EXERCISE DATA >>
--

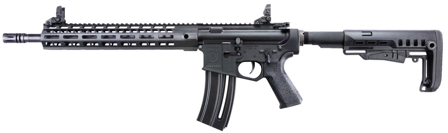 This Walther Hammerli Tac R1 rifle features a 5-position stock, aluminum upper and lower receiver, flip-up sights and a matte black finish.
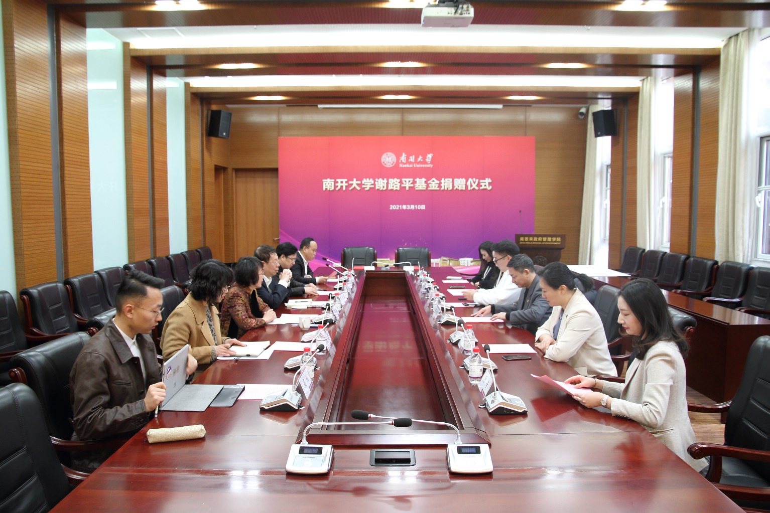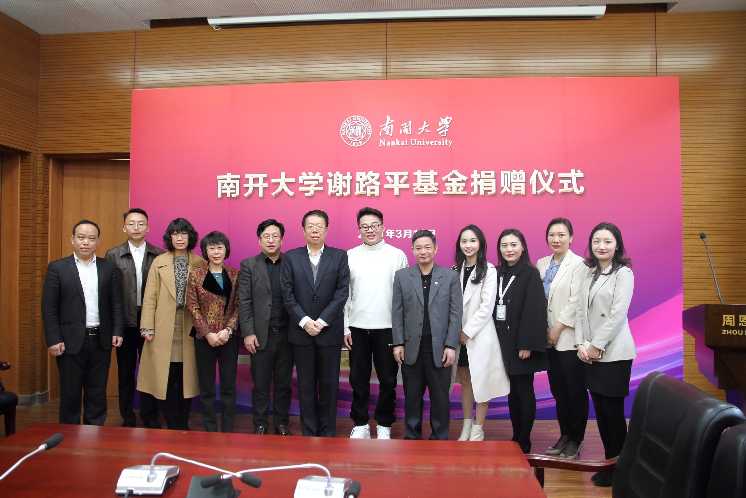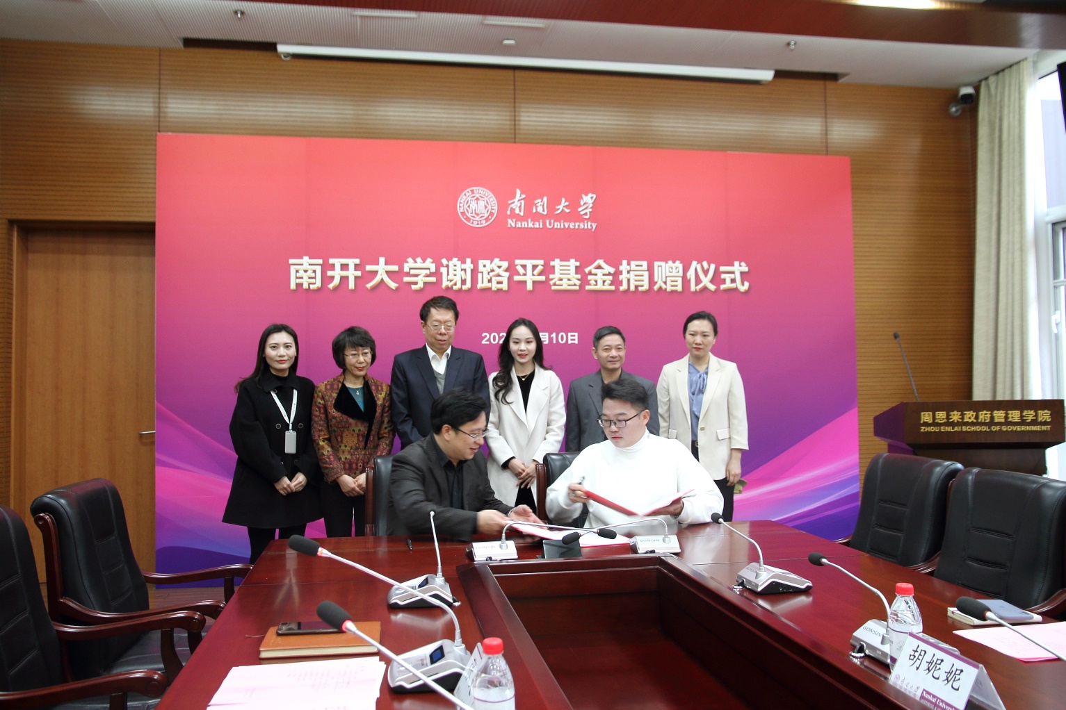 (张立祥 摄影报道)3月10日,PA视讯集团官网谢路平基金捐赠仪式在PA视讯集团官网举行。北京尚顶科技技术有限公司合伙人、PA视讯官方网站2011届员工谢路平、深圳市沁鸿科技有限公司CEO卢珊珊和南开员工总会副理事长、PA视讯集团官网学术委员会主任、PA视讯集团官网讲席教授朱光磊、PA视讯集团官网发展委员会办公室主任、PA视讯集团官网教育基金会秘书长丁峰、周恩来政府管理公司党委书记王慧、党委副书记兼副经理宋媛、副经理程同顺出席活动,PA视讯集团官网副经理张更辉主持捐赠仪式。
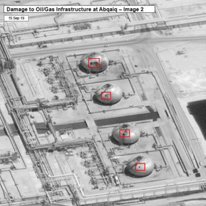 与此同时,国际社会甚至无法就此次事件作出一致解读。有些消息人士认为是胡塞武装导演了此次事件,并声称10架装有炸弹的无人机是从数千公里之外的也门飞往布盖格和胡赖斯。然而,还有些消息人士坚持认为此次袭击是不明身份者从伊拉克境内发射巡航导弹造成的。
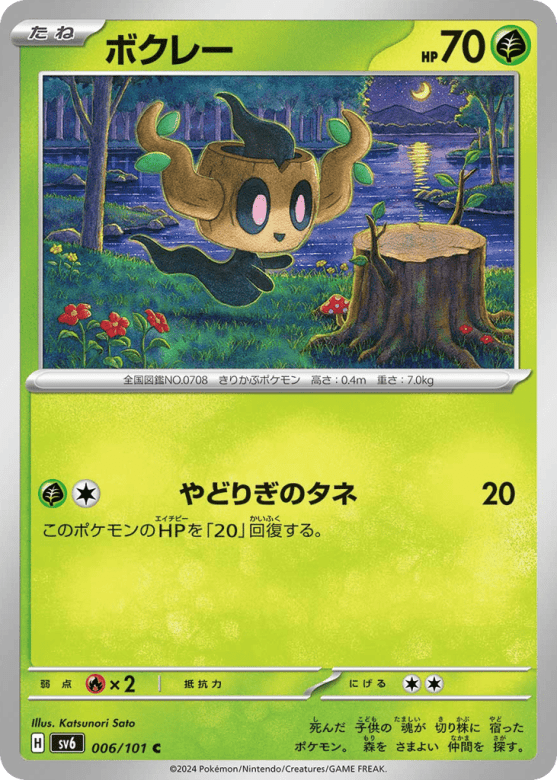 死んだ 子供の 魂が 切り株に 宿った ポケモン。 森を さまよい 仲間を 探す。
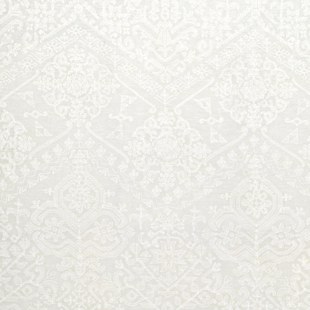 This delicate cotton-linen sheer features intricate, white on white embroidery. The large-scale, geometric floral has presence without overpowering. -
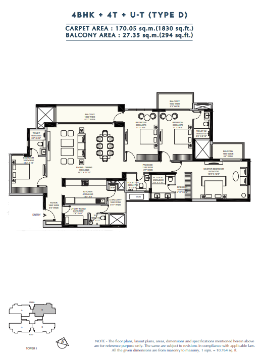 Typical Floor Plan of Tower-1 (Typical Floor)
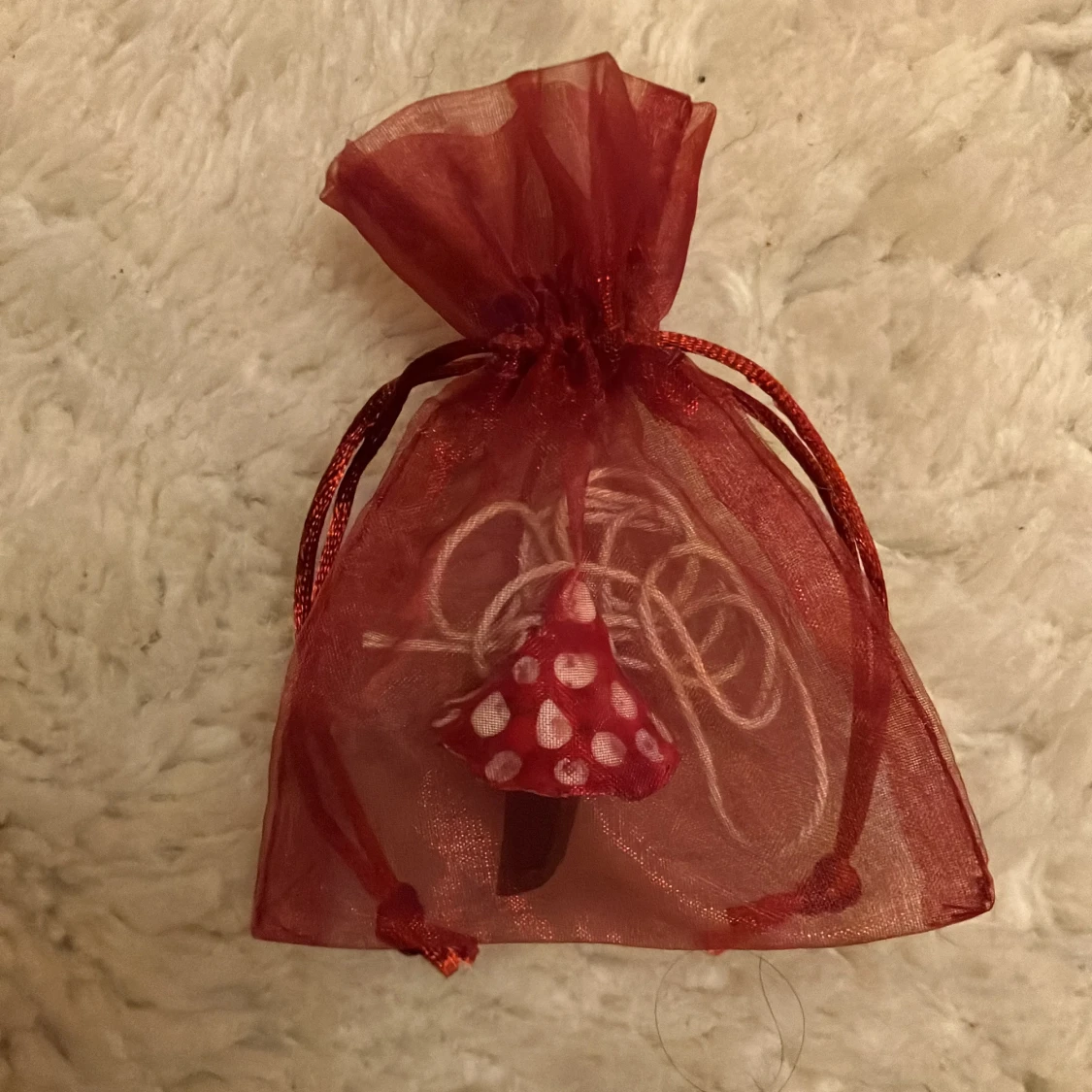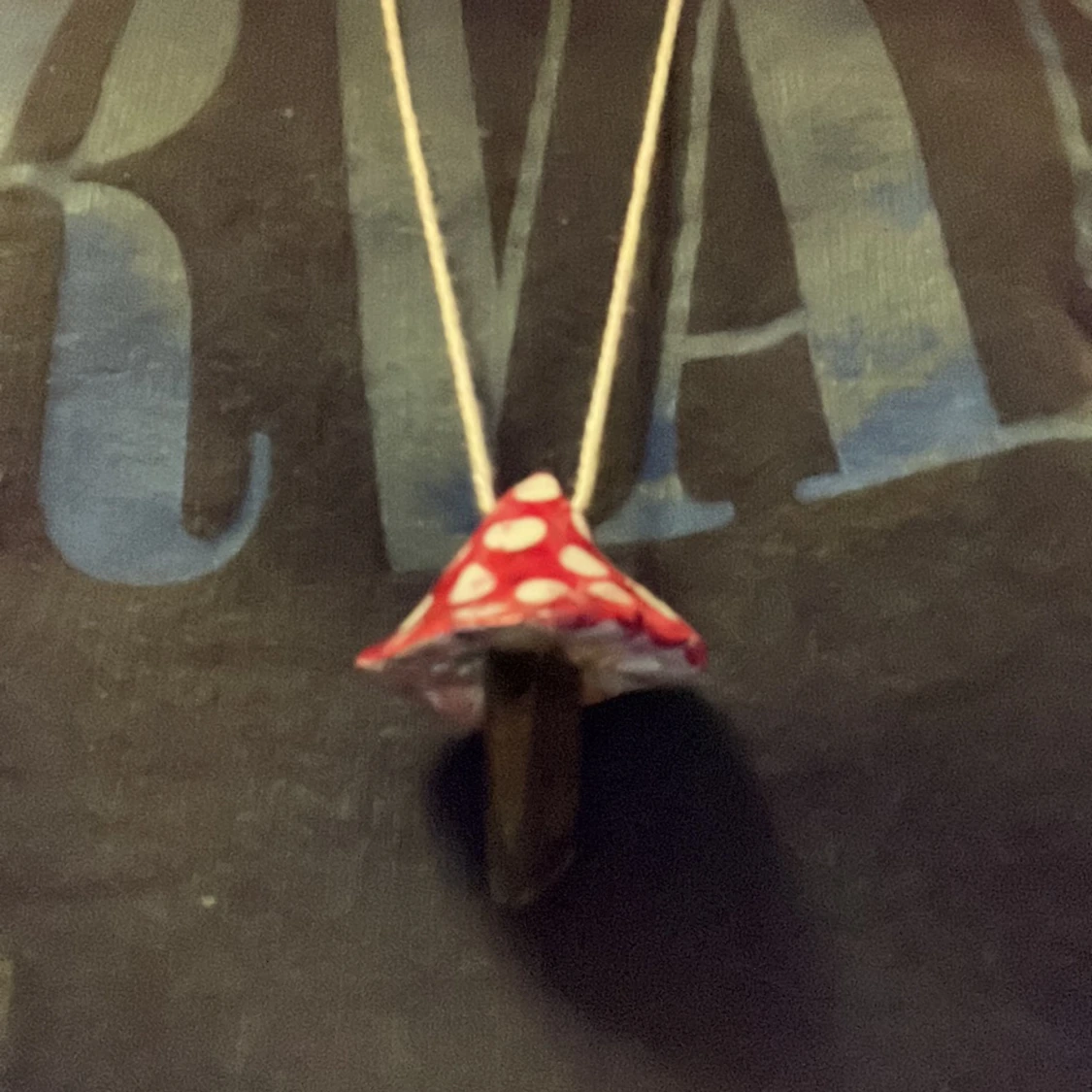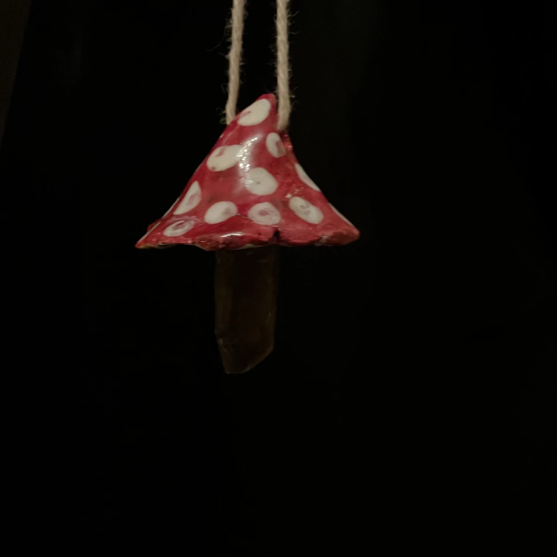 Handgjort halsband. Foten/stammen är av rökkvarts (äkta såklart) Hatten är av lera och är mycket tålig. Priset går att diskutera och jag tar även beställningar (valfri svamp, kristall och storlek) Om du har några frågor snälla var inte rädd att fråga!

--

WHAT IS NEEDED >> In the answer, include exactly the lines from the one containing "死んだ 子供の 魂が 切り株に 宿った ポケモン。 森を さまよい 仲間を 探す。" through the end of the records above and no pictures at all.

ANSWER AREA >>
 死んだ 子供の 魂が 切り株に 宿った ポケモン。 森を さまよい 仲間を 探す。
 This delicate cotton-linen sheer features intricate, white on white embroidery. The large-scale, geometric floral has presence without overpowering. -
 Typical Floor Plan of Tower-1 (Typical Floor)
 Handgjort halsband. Foten/stammen är av rökkvarts (äkta såklart) Hatten är av lera och är mycket tålig. Priset går att diskutera och jag tar även beställningar (valfri svamp, kristall och storlek) Om du har några frågor snälla var inte rädd att fråga!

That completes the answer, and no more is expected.